In terms of health benefits, salmon is an ideal meal. Having two servings of salmon each week has been said to help reduce risk of having a heart attack, help control blood pressure and infuse your body with all kinds of beneficial vitamins.
Our roasted salmon recipe can get you started. When you’re choosing a full side of salmon, make sure it’s firm to the touch, and look for a bright, deep color. A full side of salmon serves six to eight people. It can be served hot, cold or room temperature, depending on the occasion.
To cook, use a sheet pan with a small lip, and place a sheet of parchment paper on top. Create a layer of rock salt, or very coarse salt, on top of the paper before placing the salmon skin side down. Placing the salmon atop salt helps keep the fish moist and imparts flavor into the fish. Drizzle some olive oil and rub into the fish, while seasoning with salt and pepper.
I like to score the salmon while it’s still raw, so it’s easier to make portions once it’s cooked. You’ll want to check the fish at about 15 minutes. It should be firm, but with a little give.

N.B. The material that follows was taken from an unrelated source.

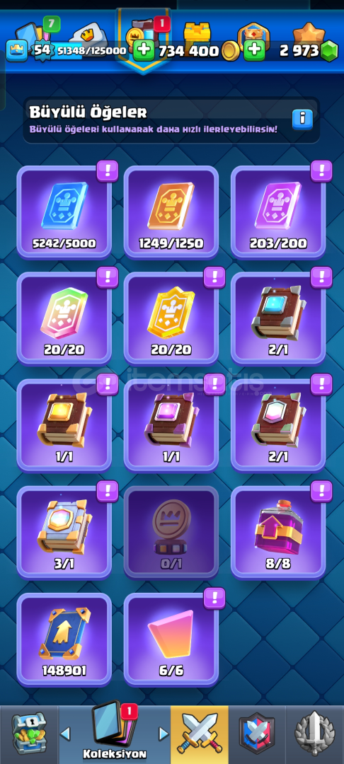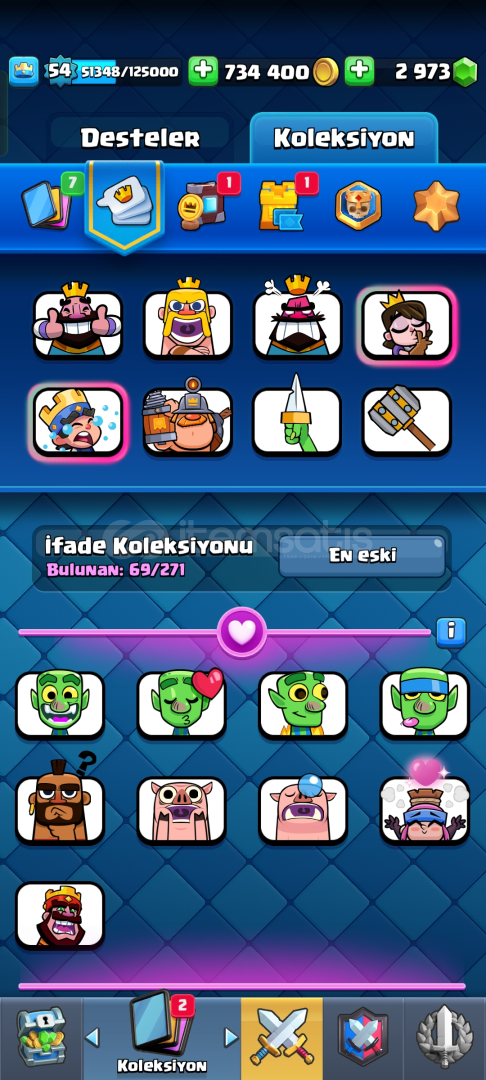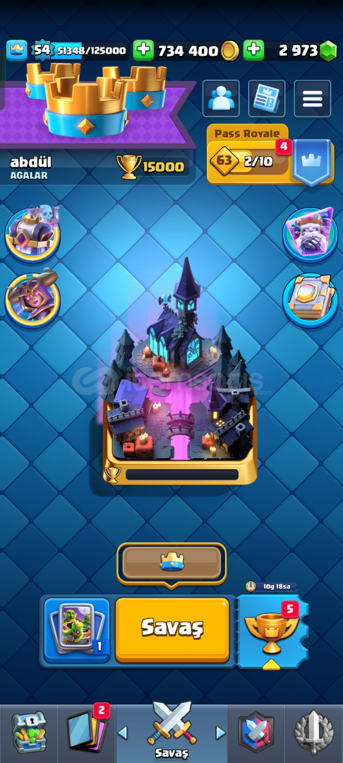 Tüm kartlar açık 15k kupa 54 lvl hesap ful+ful hesap daha ucuzu yok

Salmon is considered one of the greatest sources of omega-3 fatty acids called EPA and DHA. It is a key source of protein and is high in a multitude of B vitamins, including B2 and B12. B vitamins help produce energy and control inflammation. Salmon, particularly wild salmon, is also a great source of potassium. Potassium helps reduce the risk of stroke and helps control blood pressure. Salmon is also low in calories, with a 3.5-ounce serving of either wild or farmed salmon hovering around 200 calories.